Now as per problem statement document, it says first to do data wrangling so
————————————————————————-
import pandas as pd
# Load the dataset
file_path = “AusApparalSales4thQrt2020.csv” # Update with actual file path
df = pd.read_csv(file_path)
# Display basic info about the dataset
print(df.info())
# Check for missing values
print(df.isna().sum())
# Check non-missing values
non_missing = df.notna()
print(non_missing.head()) # Displays True/False for each cell
# Count of missing values per column
missing_count = df.isna().sum()
print(missing_count)
missing_rows = df[df.isna().any(axis=1)]
print(missing_rows)
—————————————————————————–
Here we are using isna() and notna() function as per problem statement document.

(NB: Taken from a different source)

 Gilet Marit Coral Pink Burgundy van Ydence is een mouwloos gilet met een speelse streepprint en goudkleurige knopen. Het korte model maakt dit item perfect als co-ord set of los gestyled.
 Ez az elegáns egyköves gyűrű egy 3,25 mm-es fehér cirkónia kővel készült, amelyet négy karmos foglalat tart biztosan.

First we import pandas and then load the data set by giving correct file path. If the CSV is in a different directory, you must provide the absolute path. Example:
df = pd.read_csv(“C:/Users/YourUsername/Documents/AusApparalSales4thQrt2020.csv”) # Windows
df = pd.read_csv(“/home/user/Documents/AusApparalSales4thQrt2020.csv”) # macOS/Linux
If you’re unsure where the file is, use tkinter to browse and select it:
import pandas as pd
from tkinter import Tk
from tkinter.filedialog import askopenfilename
Tk().withdraw() # Hide root window
file_path = askopenfilename(title=”Select CSV file”) # Open file dialog
df = pd.read_csv(file_path) # Read the selected file
To see where Python is looking for the file, check the current working directory:
import os
print(os.getcwd()) # Prints the current working directory
If the file is not there, move it to the displayed directory or change the working directory using:
os.chdir(“C:/Users/YourUsername/Documents”) # Change to the directory where the file is
—————————
With pandas functions of read csv we read csv and store it in df. Then we print basic info of df.

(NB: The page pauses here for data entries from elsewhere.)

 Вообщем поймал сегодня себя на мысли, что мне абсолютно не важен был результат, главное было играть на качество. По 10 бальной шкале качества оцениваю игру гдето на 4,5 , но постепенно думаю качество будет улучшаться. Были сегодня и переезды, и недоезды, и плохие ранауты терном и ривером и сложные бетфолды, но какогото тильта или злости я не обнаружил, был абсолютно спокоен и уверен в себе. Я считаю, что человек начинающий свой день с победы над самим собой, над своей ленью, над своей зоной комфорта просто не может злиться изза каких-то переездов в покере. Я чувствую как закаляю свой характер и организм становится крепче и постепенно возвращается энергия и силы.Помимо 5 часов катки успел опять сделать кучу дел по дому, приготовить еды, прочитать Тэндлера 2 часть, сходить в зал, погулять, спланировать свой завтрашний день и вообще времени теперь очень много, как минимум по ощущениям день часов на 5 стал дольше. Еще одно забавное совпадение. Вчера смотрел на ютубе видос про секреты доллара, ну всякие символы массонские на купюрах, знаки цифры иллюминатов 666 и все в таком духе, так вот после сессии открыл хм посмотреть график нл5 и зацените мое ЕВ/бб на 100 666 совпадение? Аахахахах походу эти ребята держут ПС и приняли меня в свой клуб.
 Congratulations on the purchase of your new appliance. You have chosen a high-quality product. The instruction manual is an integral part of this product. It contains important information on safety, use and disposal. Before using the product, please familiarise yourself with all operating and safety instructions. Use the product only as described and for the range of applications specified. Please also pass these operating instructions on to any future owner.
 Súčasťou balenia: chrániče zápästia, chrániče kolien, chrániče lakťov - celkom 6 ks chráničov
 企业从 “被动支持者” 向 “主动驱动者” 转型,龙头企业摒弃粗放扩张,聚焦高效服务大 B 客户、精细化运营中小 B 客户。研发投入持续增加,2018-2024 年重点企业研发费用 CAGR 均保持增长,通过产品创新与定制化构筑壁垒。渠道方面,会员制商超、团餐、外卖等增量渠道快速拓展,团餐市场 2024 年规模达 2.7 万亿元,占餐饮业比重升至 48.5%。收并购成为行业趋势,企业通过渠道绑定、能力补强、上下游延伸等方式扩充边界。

With isna() we check for missing values.
The notna() function returns True for non-missing values and False for missing ones.
This filters rows where at least one column has a missing value.

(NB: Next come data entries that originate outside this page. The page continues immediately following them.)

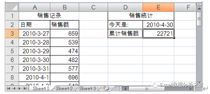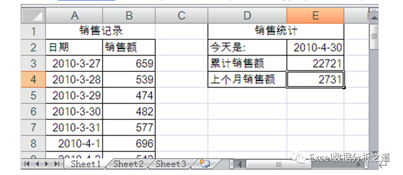 图1-89是一个销售流水账,现在要求动态计算截止到今天的累计销售额,此时,单元格E1和E2的计算公式分别为: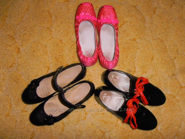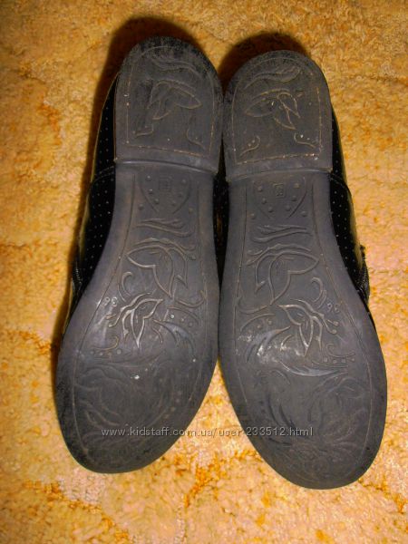 Отличная обувь, носила только моя дочка. Состояние хорошее.1. ПРОДАНО Черные кожаные туфельки с лаковым цветочком и замшевыми листочками. Дочка носила только в школу, но умудрилась потерять на одном туфельке один ряд цветочных лепестков, в глаза сильно не бросается. Туфельки фирмы Laspi. Носочки, подошва не сбиты. Размер 36 длина стельки внутри 23см. Липучки держат отлично. Из-за дефекта отдам за 150грн. Новые стартуют от 650грн.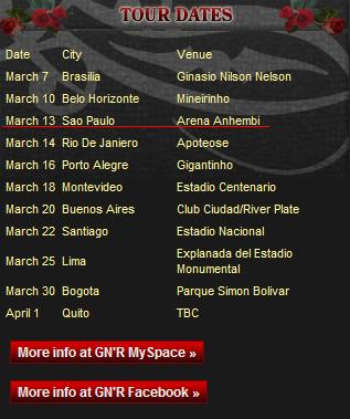 Segundo o site oficial (www.gunsnroses.com) do GNR o show em São Paulo que acontecerá no dia 13 de março, foi mudado do Palestra Itália para a Arena Anhembi. No MySpace e Facebook oficiais do GNR o local do show ainda é o Palestra Itália.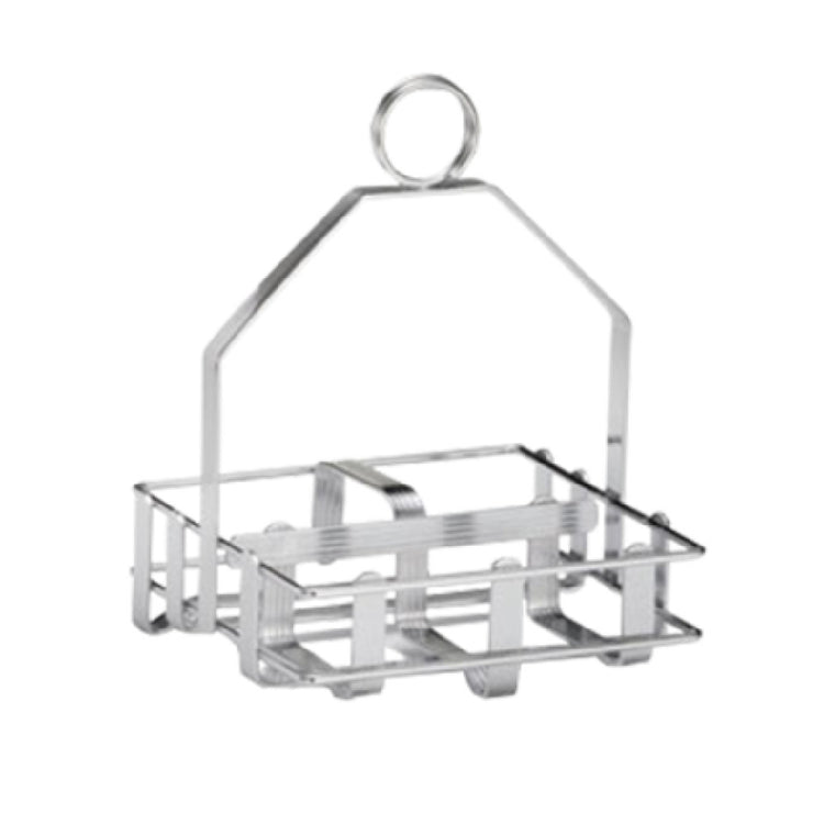 The Tablecraft 609R Condiment Rack is designed to accommodate salt and pepper shakers with a diameter of up to 2-1/8 inches, making it an efficient solution for organizing dining essentials. Featuring a packet opening, it offers an additional space for condiments such as sugar or sauce packets, enhancing its utility in various dining settings. The built-in merchandising ring is a standout feature, allowing for the easy display of promotional materials or branding, thus boosting its appeal for restaurant chains and cafes focusing on brand visibility. This condiment rack is chrome plated, ensuring a sleek, modern appearance that complements any tabletop decor while also providing durability and resistance to corrosion. It is available for purchase in multiples of six, catering to the bulk purchasing needs of large dining establishments or catering services. This product is ideal for restaurants, cafes, and catering operations seeking a reliable, aesthetically pleasing solution to condiment organization and display. The technical design, with its specific focus on accommodating shakers of a particular size, ensures it meets the precise needs of professional dining environments, while the chrome finish provides both durability and an appealing visual touch.

missing_rows = df[df.isna().any(axis=1)]
print(missing_rows)
Handling Missing and Incorrect Data
- If missing values are minimal (few rows), we can drop them.
- If missing values are in crucial columns, we should fill them using:
- Mean/median for numerical columns
- Mode for categorical columns
Recommendation for Handling Missing and Incorrect Data in AAL Sales Analysis
Based on the missing and incorrect data analysis, here are the recommendations:
1️⃣ Handling Missing Data
A) For Numerical Columns (e.g., Sales, Units)
✅ Recommended Action: Fill missing values with the median
📌 Reason:
- Since sales data often has skewed distributions, the median is more robust than the mean.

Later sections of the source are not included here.